A middle ground between the full JSON output and the human-focused plain output. My idea here is integrating reuse lint with tools like reviewdog where it excels with output along the lines of:

scripts/foo1.sh: missing license 'MPL-2.0'
scripts/foo2.sh: no licensing information
scripts/foo3.sh: no copyright information

One can generate such an output using the JSON version and processing it, but I think it would be beneficial to include it upstream.

KlfJoat commented 6 months ago

+1 to this. I'd also suggest allowing us to pick from a few different output formats. And those output formats should be existing output formats.

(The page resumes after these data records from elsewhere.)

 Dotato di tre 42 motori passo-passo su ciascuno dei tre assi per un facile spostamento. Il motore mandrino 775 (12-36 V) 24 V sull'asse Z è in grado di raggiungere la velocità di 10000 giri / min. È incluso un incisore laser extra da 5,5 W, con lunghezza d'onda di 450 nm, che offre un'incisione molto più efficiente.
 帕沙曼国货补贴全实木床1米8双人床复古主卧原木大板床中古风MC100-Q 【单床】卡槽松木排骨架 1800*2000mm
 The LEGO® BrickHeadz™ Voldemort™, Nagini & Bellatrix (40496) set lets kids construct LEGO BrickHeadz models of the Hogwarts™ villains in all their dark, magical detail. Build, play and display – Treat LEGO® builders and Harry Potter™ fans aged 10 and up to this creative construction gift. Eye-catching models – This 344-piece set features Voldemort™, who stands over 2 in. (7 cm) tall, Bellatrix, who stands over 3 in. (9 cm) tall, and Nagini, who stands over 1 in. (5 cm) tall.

One of the output formats that's simplified and machine-parseable could be TAP format. Since TAP parsers abound, the direct output of reuse lint could be used in CI/CD pipelines.

Another format, which wouldn't be simplified and human-readable, but is widely used could be JUnit format, which also has a lot of parsers and could be consumed by CI/CD pipelines, including built-in reporting on sites like GitLab.

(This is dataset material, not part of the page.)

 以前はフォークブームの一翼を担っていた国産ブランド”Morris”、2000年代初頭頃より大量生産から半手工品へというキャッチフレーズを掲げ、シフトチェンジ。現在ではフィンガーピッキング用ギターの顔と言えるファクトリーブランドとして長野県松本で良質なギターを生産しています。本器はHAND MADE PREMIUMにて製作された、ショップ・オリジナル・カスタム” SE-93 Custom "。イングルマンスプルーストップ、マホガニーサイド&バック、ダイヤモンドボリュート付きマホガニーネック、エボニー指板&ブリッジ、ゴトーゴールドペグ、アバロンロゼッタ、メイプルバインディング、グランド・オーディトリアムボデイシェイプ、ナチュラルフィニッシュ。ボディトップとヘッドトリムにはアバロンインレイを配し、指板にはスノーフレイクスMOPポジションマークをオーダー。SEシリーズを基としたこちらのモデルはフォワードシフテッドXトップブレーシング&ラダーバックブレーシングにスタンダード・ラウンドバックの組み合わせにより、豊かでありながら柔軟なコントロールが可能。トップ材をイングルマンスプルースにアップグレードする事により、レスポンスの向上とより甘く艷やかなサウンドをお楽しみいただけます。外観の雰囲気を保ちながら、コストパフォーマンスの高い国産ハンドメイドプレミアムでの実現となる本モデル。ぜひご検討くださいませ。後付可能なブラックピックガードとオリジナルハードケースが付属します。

carmenbianca commented 5 months ago

Thanks for the issue. This seems quite doable to me. Off the top of my head, an implementation would need:

A new function akin to format_plain and format_json in lint.py.
A new argument that can be passed to reuse lint, à la reuse lint --tap or some such.
--json and --tap must be mutually exclusive. argparse already supports something like that.
Some tests.

The TAP format looks decent to me as far as machine-readable specs go. A vague proposal:

1..n
ok - ./CHANGELOG.md
ok - ./README.md
not ok - ./pyproject.toml
  ---
  failed:
    - no-copyright
    - no-license
  ...
# global tests
ok - no missing licenses
ok - no unused licenses
ok - no bad licenses
not ok - no licenses without extension
  ---
  failed:
    - ./LICENSES/MIT
  ...
ok - no read errors

The YAML is a bit verbose, but there's no other way to document why the test failed.

Figuring out the value of n in advance may be a little tricky. I suppose it's number of files (computed in advance) + number of global tests (static).

carmenbianca commented 5 months ago

I also had a look at reviewdog linked in the first comment. The README is very shouty/busy so I didn't make good progress skimming through it. Would the above work for reviewdog?

nicorikken commented 5 months ago

To elaborate on the reviewdog example, here is suggested input for reviewdog in the video from the README:

Details of accepting input formats and an example are described in the Input Format section.

{file}:{line number}:{column number}: {message} is suggested.

The definitions are constructed according to the Vim errorformat.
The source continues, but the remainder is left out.